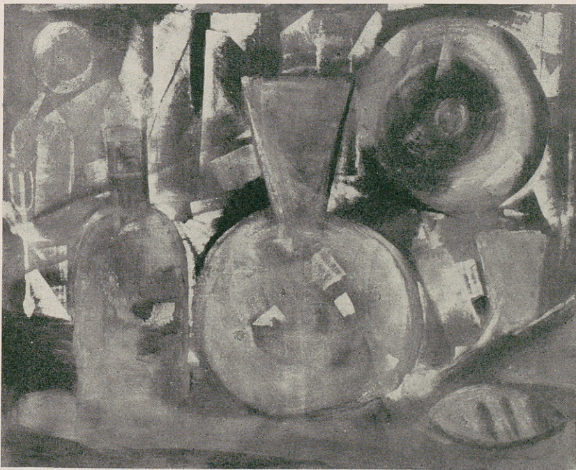
XII Exposición de Arte en Chamberí 1963.—Segundo premio: título, Bodegón ; autor, Joaquín Castro
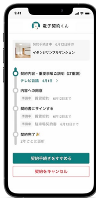
「電子契約くん」入居者利用画面イメージ
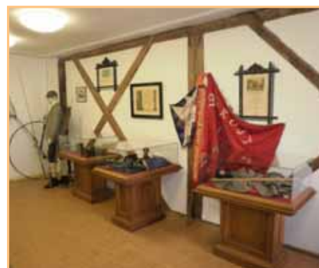
Z nově otevřené expozice přibyslavského muzea
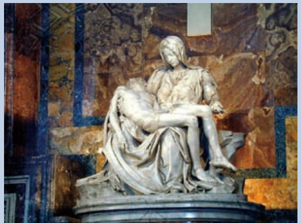
▲ 耶穌為我們而生為我們受死為我們復活
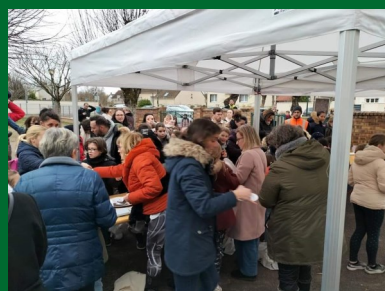
Vente de gâteaux par le CME
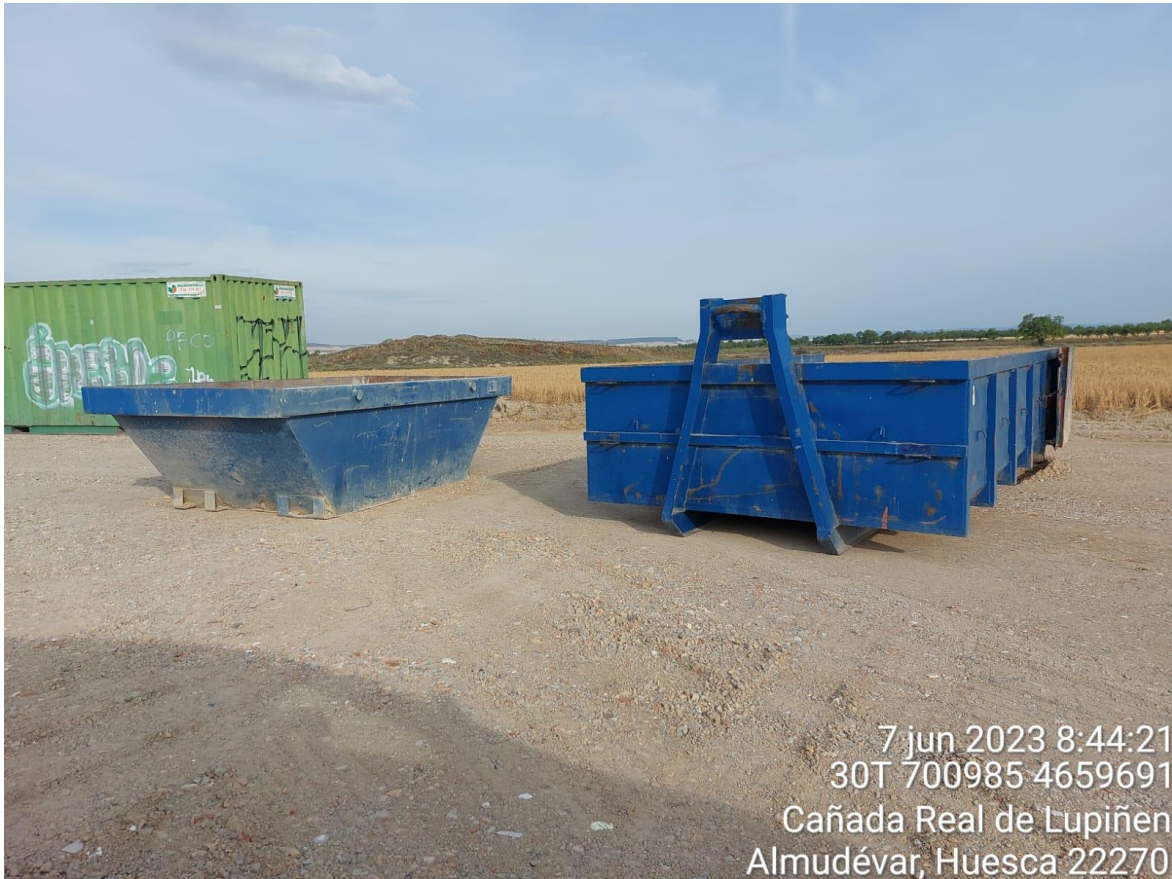
Imagen 3. Campa de acopio en la que se debe instalar y adecuar el punto limpio.

• [The task]
Repeat the data exactly. No pictures should appear.

• [Solved exercise]
XII Exposición de Arte en Chamberí 1963.—Segundo premio: título, Bodegón ; autor, Joaquín Castro
「電子契約くん」入居者利用画面イメージ
Z nově otevřené expozice přibyslavského muzea
▲ 耶穌為我們而生為我們受死為我們復活
Vente de gâteaux par le CME
Imagen 3. Campa de acopio en la que se debe instalar y adecuar el punto limpio.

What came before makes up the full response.